In the whole Mishkan, all that was created was done exactly as G-d commanded, not as humans envisioned. Every part was geometric and exactly as it needed to be with one exception: the Keruvim of gold atop the aron. The Keruvim were in the form of an angelic boy and girl embracing each other. G-d told Moshe that from the time this was created and set atop the aron, his voice would emanate from the space between the two Keruvim. For this was the holiest spot of the whole Mishkan, indeed of the whole creation from that point on. Not because it was a solid piece of gold, not because the aron held a sefer Torah, not because the whole piece resembled heaven and earth and the angelic realm. Rather, the spot between the two figures can only represent absolute love of B'nai Yisroel one for another. Love, caring, support, all these platitudinous expressions we so easily throw around are truly G-d's greatest,  most important messages to us and what He most wants from us.

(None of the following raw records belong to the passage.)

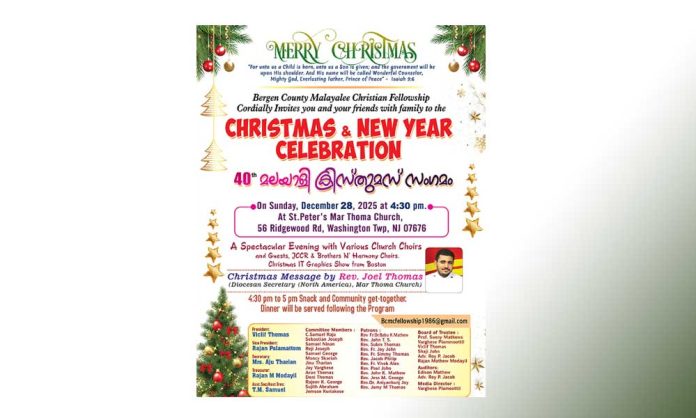 ന്യൂ ജേഴ്സി ∙ നോര്ത്ത് ന്യൂ ജേഴ്സിയിലെ ആദ്യകാല എക്യുമെനിക്കല് ക്രിസ്തീയ സംഘടനയായ ബര്ഗന് കൗണ്ടി മലയാളി ക്രിസ്ത്യന് ഫെലോഷിപ്പിന്റെ 40ാമത് ക്രിസ്തുമസ് ന്യൂ ഈയര് ആഘോഷങ്ങള് 2025 ഡിസംബര് 28 ഞായറാഴ്ച വൈകുന്നേരം 4.30 ന് വാഷിംഗ്ടണ് ടൗണ്ഷിപ്പ് സെന്റ് പീറ്റേഴ്സ് മാര്ത്തോമ്മാ പള്ളിയില്വെച്ച് (St. Peter’s Mar Thoma Church, 56 Ridgewood Road, Washington Township, NJ 07676) നടത്തപ്പെടും. മാര്ത്തോമ്മാ സഭയുടെ നോര്ത്ത് അമേരിക്കന് ഭദ്രാസന സെക്രട്ടറിയായ റവ. ജോയല് തോമസ് ക്രിസ്തുമസ് നവവത്സര സന്ദേശം നല്കും. വിവിധ സഭാ വിഭാഗങ്ങളിലും ഇടവകകളിലും നിന്നുമുള്ള ഗായക സംഘങ്ങളും ബ്രദേഴ്സ് ഇന് ഹാര്മൊണിയും ജെ. സി. സി. ആര് ഗായകസംഘവും ക്രിസ്തുമസ് ഗാനങ്ങള് അവതരിപ്പിക്കും. ബോസ്റ്റണില് നിന്നും എത്തുന്ന സംഘം അവതരിപ്പിക്കുന്ന പുതുമയുള്ള ക്രിസ്തുമസ് ഐ.റ്റി. ഗ്രാഫിക്ക് ഷോയും ക്രമീകരിച്ചിട്ടുണ്ട്.
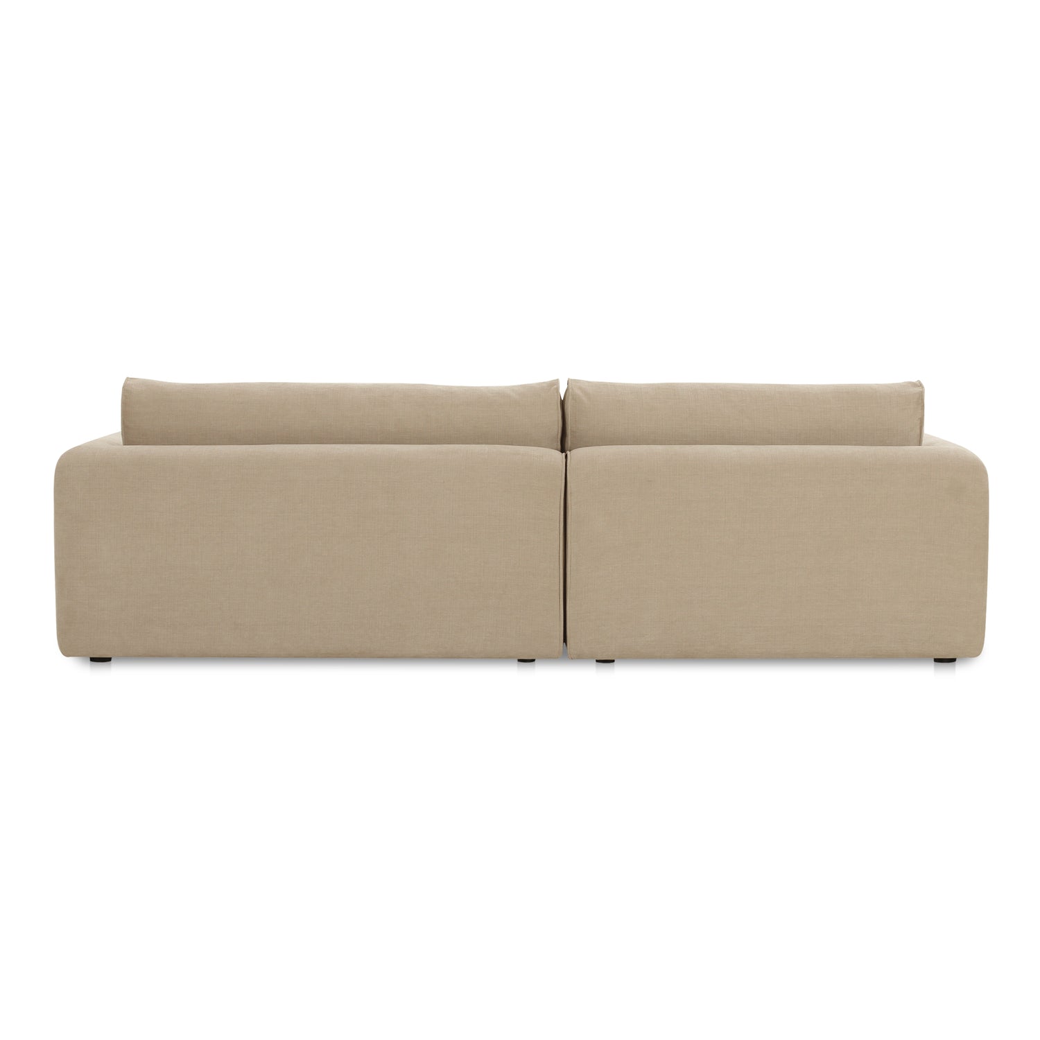 - Ultra soft chenille fabric upholstery with railroad weave & tonal piping in arm & back cushions- Angle detail with wide form unlike typical chaise designs
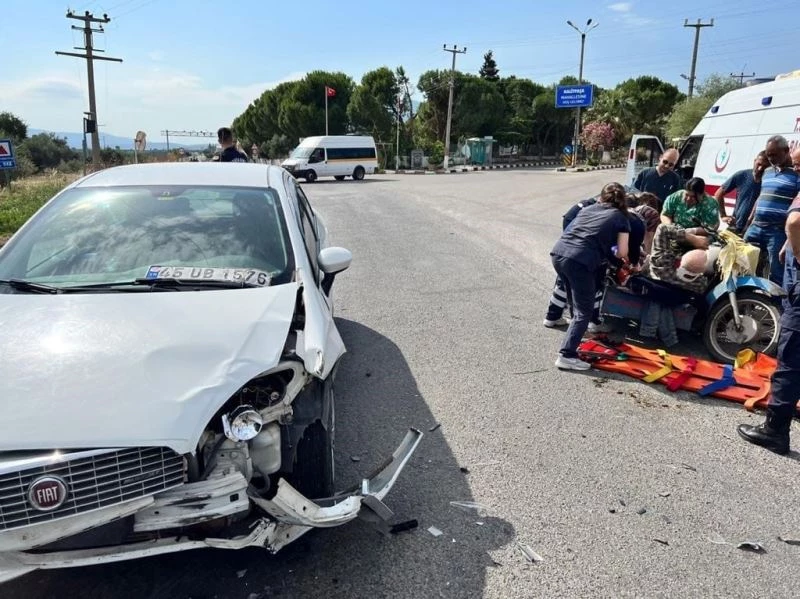 Manisa’nın Saruhanlı ilçesine bağlı Halitpaşa Mahallesi’nde saat 09.00 sıralarında Gölmarmara-Saruhanlı Karayolunda M.Y. (60) idaresindeki otomobil ile Saruhanlı istikametine doğru seyir halinde iken tali yoldan çıkan H.B. (59) idaresindeki tescilsiz ve plakasız motosiklet ile çarpıştı. Kazada motosiklet sürücüsü hafif şekilde sol bacak kısmından yaralandı. Yaralı adam ambulans ekipleri tarafından Saruhanlı Devlet Hastanesine sevk edilirken, burada yapılan tedavisinin ardından taburcu edildi.
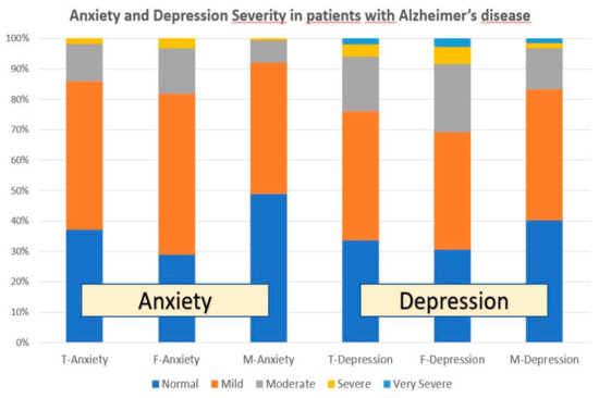 Anxiety and depression in patients with AD. T: Total sample; F: Females; M: Males.
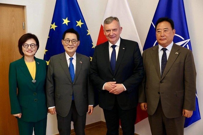 South Korean President Lee Jae Myung's special envoys -- Jin Sun-mee (L), Park Jie-won (2nd from L) and Eoh Kiy-ku (R) -- pose for a photo with Polish Deputy Defense Minister Pawel Bejda during their meeting in Warsaw on July 28, 2025, in this photo released by the South Korean foreign ministry. (PHOTO NOT FOR SALE) (Yonhap)
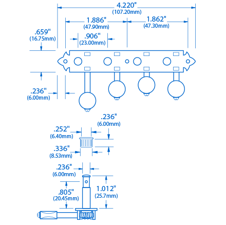 Espacement des trous de cheville : les dispositifs de mécaniques sur plaque ne peuvent pas fonctionner efficacement si les trous de cheville sont mal percés. Notre gabarit de perçage à tête creuse Mandolin garantit un espacement précis de 29/32 po pour un alignement précis de ces machines de réglage.
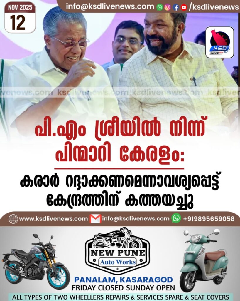പി എം ശ്രീയിൽനിന്ന് പിന്മാറി കേരളം: കരാര് റദ്ദാക്കണമെന്നാവശ്യപ്പെട്ട് കേന്ദ്രത്തിന് കത്തയച്ചു
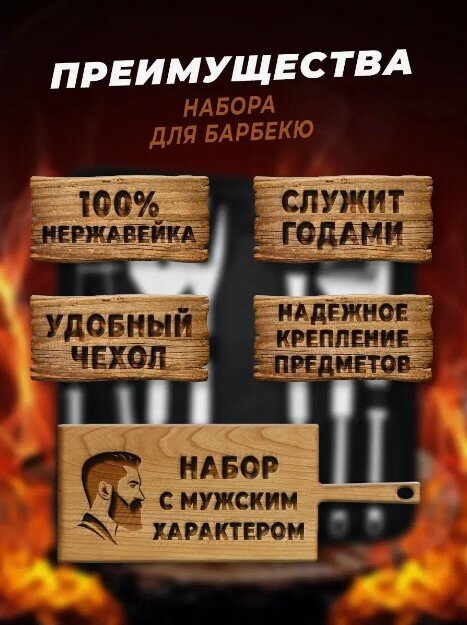Отзывы на Набор для барбекю 6 предметов с чехлом BBQ / Инструменты для гриля, мангала 6 шт. из нержавеющей стали/ Подарочный набор для шашлыка в тканевом чехле.
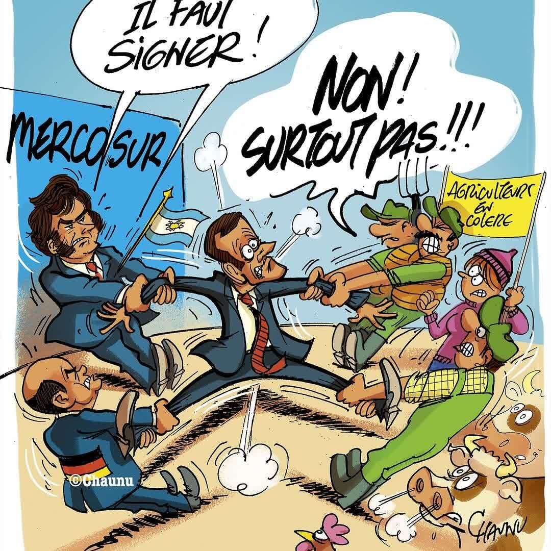 اِمانوئل شُنو، کاریکاتوریست فرانسوی، موضوع «اعتراض و بسیج کشاورزان به توافق تجاری اروپا با آمریکای جنوبی» را دستمایهٔ کاریکاتور خود قرار داده است.
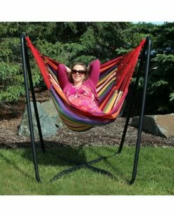 - Add fun and comfort to any outdoor space, patio, deck or yard with this 2-point hanging space-saving hammock chair swing and stand set. Because of the unique, durable “A” stand design and 2-point hanging chair, this has a very roomy seat when compared to other hammock chairs, made of soft cotton material with durable ropes and points for 2-sided hanging. The included “A” stand features a durable tubular steel construction. The heavy-duty stand features a unique double “A” frame secures the hammock swing on both hanging points. Plus, the 40″ x 40″ base makes it easy to put up in smaller spaces.
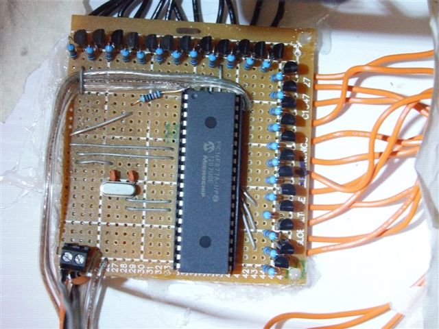 L’ensemble est géré par un PIC16F877A, car il offre de nombreuses broches d’entrées/sorties (I/O) et dispose d’une très grande mémoire pour enregistrer les codes de programmation. Il est connecté à un oscillateur (crystal) de 4 MHz et de 2 condensateurs de 22 pF. À la sortie des broches (I/O pins), il faut disposer les résistances de 1K Ohm pour contrôler individuellement chaque transistor et protéger le PIC.
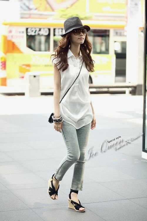 时尚点评:无袖设计的白色衬衣也是展现成熟魅力的单品哦,带点休闲与甜美feel白色衬衣长度盖过了臀部,轻薄透明的质感非常特别,搭配修脚的牛仔裤也很好看!
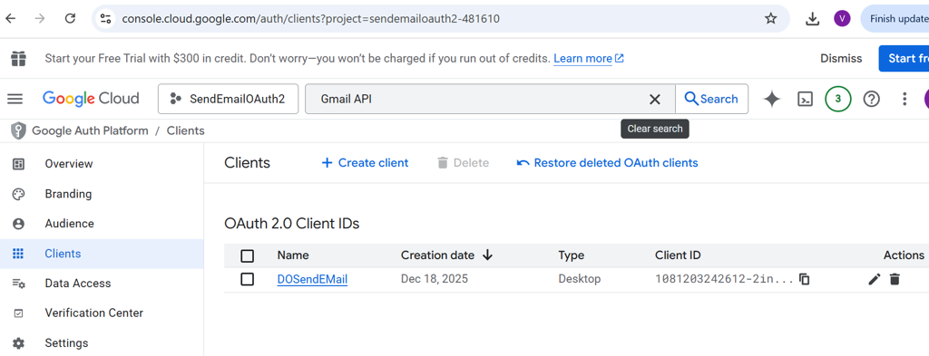 - At the bottom of “OAuth client created“ window click “Download JSON“ to save application credentials that are required for the emails sending. The newly created client is now displayed in the list of OAuth 2.0 clients. The settings of the client can be displayed by clicking on its name. The displayed client ID and the client key are essential for the following setup in DO.
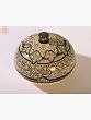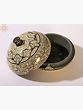 Paper mache, a technique that dates back centuries, is a labor of love. Each bowl starts as layers of paper pulp, meticulously shaped and dried. The artisans of Jammu & Kashmir then take the artistry to a new level, hand-painting the surface with exquisite designs. This bowl showcases a breathtaking pattern in black ink against a soft, cream-colored background. The intricate detailing displays both geometric and floral motifs, reflecting the region's diverse artistic influences. The skilled artisans not only shape and paint the bowl itself but also craft the delicate, finely detailed knob on its lid. The end result is a masterpiece that speaks to generations of tradition and skill.

Wednesday, February 11, 2015

Parshas Mishpatim 5775, February 2015; Justice

Plato's Republic is an entire volume of ancient Greek thought dedicated to portraying Socrates' efforts to define justice, piety, and virtue.  In a remarkable parallel to Jewish thought, Socrates had himself succeeded in determining that the reason that many individuals do evil to others is because they do not have the knowledge and understanding of what good is; he also seemed to believe that ultimately good would come to the good and evil to the evil, even if not in this world. This is why he was able to show such equanimity when others mocked him, and ultimately even agreed calmly, even demanded, to suffer the death penalty for his crimes of impiety and corruption of thought.
Showing respect, appreciating effort, and generally treating  each other well after a fourth grade chess match.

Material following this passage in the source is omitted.